Two years ago, I visited a squatter's camp of mud houses and open sewers on the outskirts of Kampala, Uganda, where thousands have sought refuge from the Lord's Resistance Army -- a cultish rebel group that has caused perhaps 100,000 deaths and displaced more than 1.5 million people. A young woman I met had been abducted by the LRA along with other members of her village. She calmly described their first night's "welcoming meal," in which one of the villagers was killed and the rest forced to eat him, to instill a proper fear.
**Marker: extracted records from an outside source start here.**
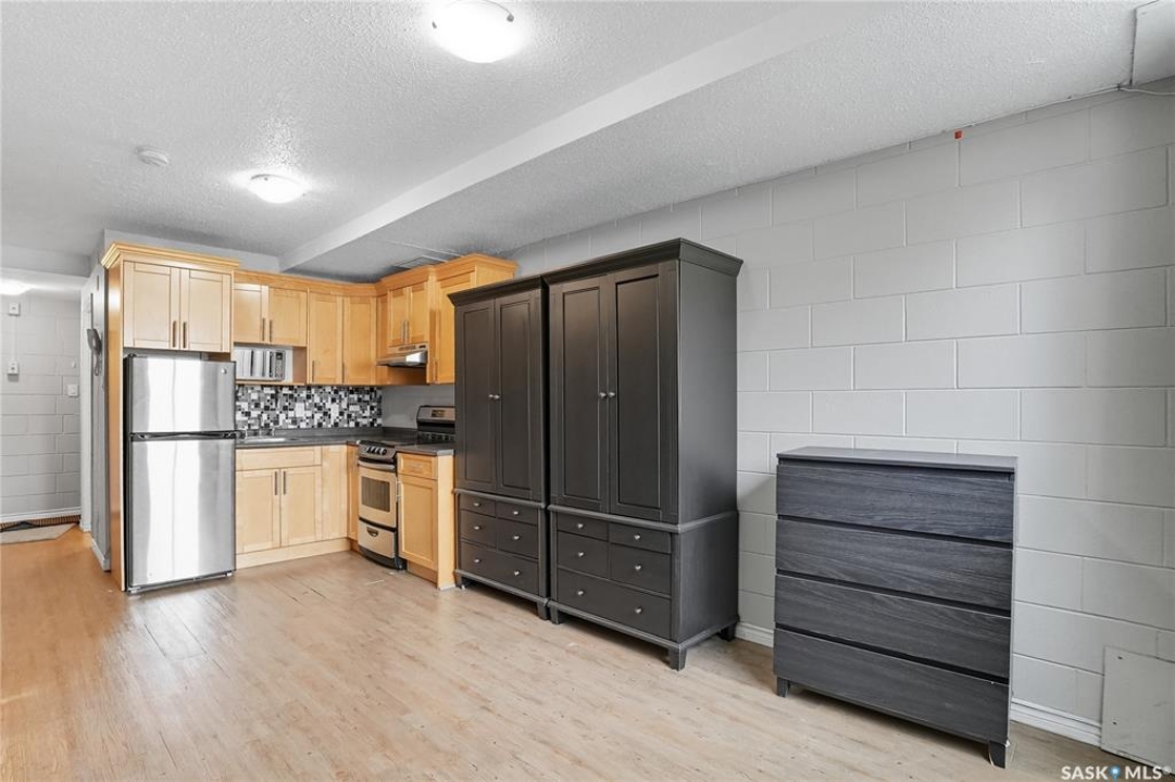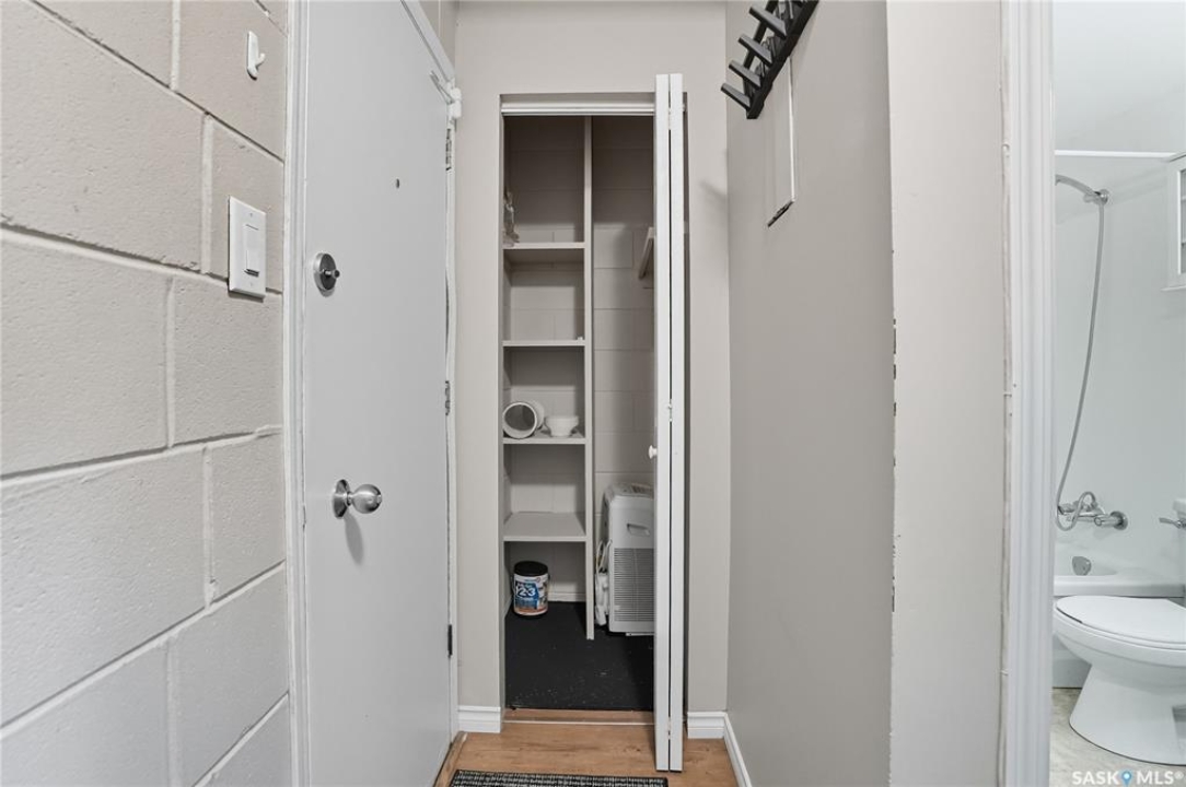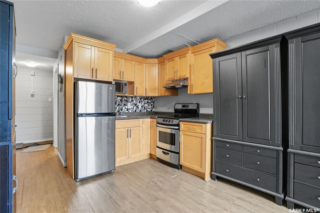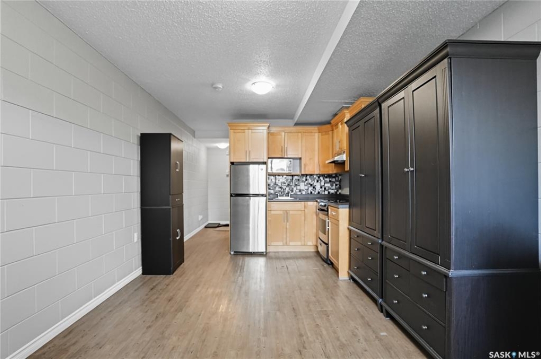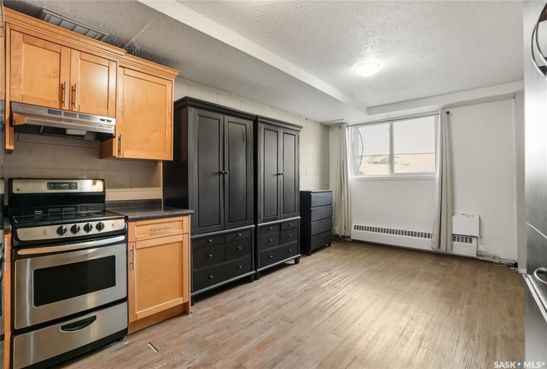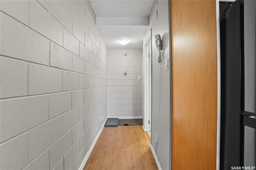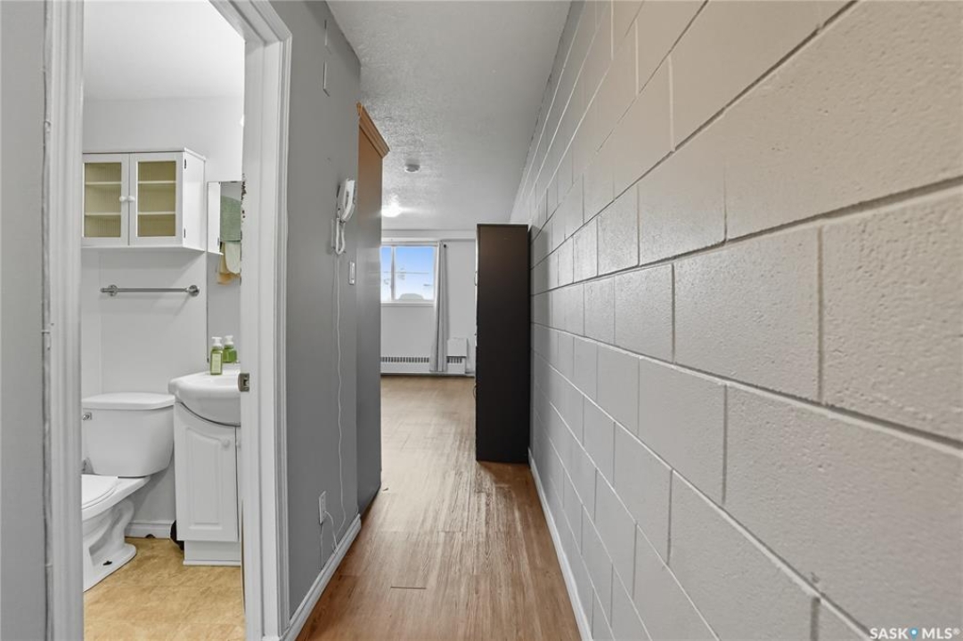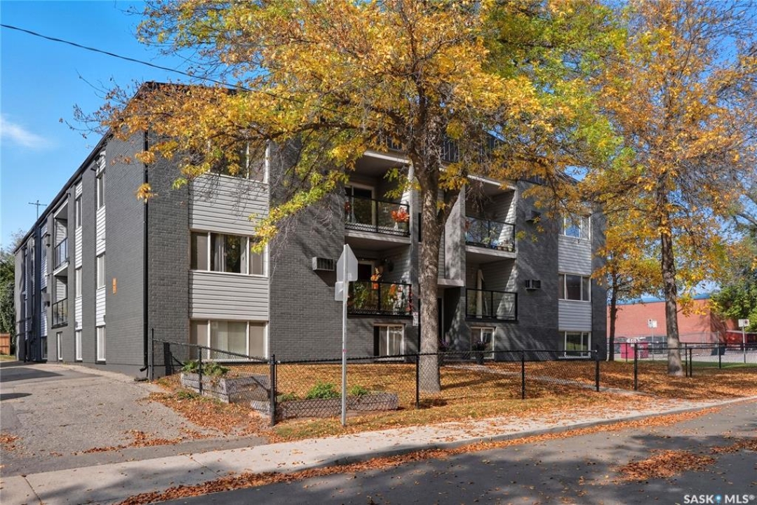 First time buyer or savvy investor - this bachelor suite condo is a rare opportunity with condo fees at $137/mo and yearly taxes at just $313! This main floor unit keeps cool in the summer and cozy in the winter; the block construction is excellent for a quiet space. Updates have included flooring throughout, modern paint and a kitchen with maple cabinetry and newer appliances. There is a storage nook at the front door and there is shared laundry access right across the hall! Located on a quiet street in Caswell Hill - this is a spot to view in person where you are a short walk to Ashworth Holmes park, walking distance to Sask Polytechnic, downtown, or shopping on 33rd street. You will notice from the start that this building is well cared for with a manicured exterior and maintenance throughout; fresh paint, flooring, updated lighting, security doors, cameras, and even a newer boiler unit! Additionally there is an electrified parking stall and storage area for bikes. Don't hesitate to book a showing on this condo. Call today!
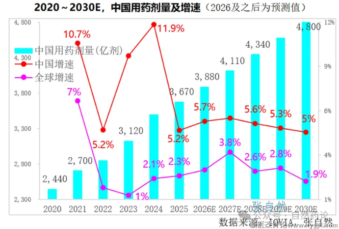 据IQVIA预测,“十五五”(2026-2030)期间,我国用药金额复合年均增长率将进一步下降至1.5%,全球的约为5-8%(取中位数6.5%),我国增速不足全球增速的1/4。
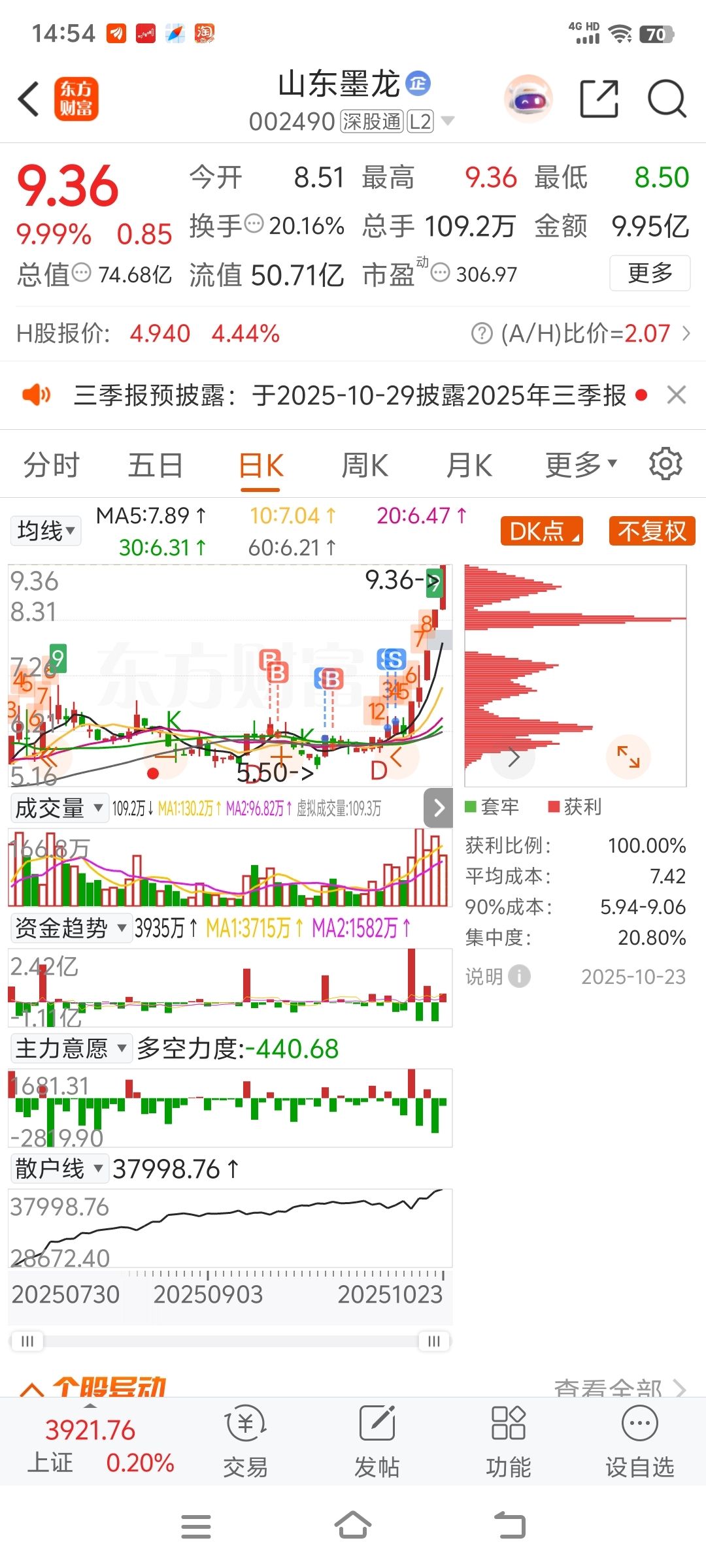 $山东墨龙(SZ002490)$ 嘿,差点让我赚到

Many of the boys in the settlement had been kidnapped by the LRA and trained as soldiers -- forced, I was told, to do "terrible things" such as murdering neighbors in their home villages so the boys could never return. One of the former child soldiers I met was about 16. When the leader of the LRA, a messianic madman named Joseph Kony, visited his prisoners, all were forced to prostrate themselves -- but this young man looked up in curiosity, and one of his eyes was gouged out.
The man he briefly glimpsed is a cunning thug with a touch of insanity -- a man, in Joseph Conrad's phrase, of "gratified and monstrous passions." Kony takes kidnapped sex slaves for wives, is prone to trances and visions, and claims he can turn bullets into water. His proven skill is turning children into killers, who intimidate villagers by cutting off lips, ears and noses.
But Kony's forces, under military pressure, have retreated to the remoteness of the Garamba National Park in the Democratic Republic of the Congo. Northern Uganda has experienced a year of relative peace, and many displaced villagers are returning to their homes. With African mediation, Uganda and the LRA are engaged in peace talks that have reported incremental progress. Kony has a history of sabotaging talks with unreasonable demands, but there is hope that a cornered LRA might eventually take a deal and lay down its arms.
Some in Congress are calling for the appointment of an American special envoy to push for a final agreement. Such appointments have been useful in other cases. Here, African mediators from Mozambique, southern Sudan and the African Union want to take the lead -- and they have more urgent needs than getting an envoy.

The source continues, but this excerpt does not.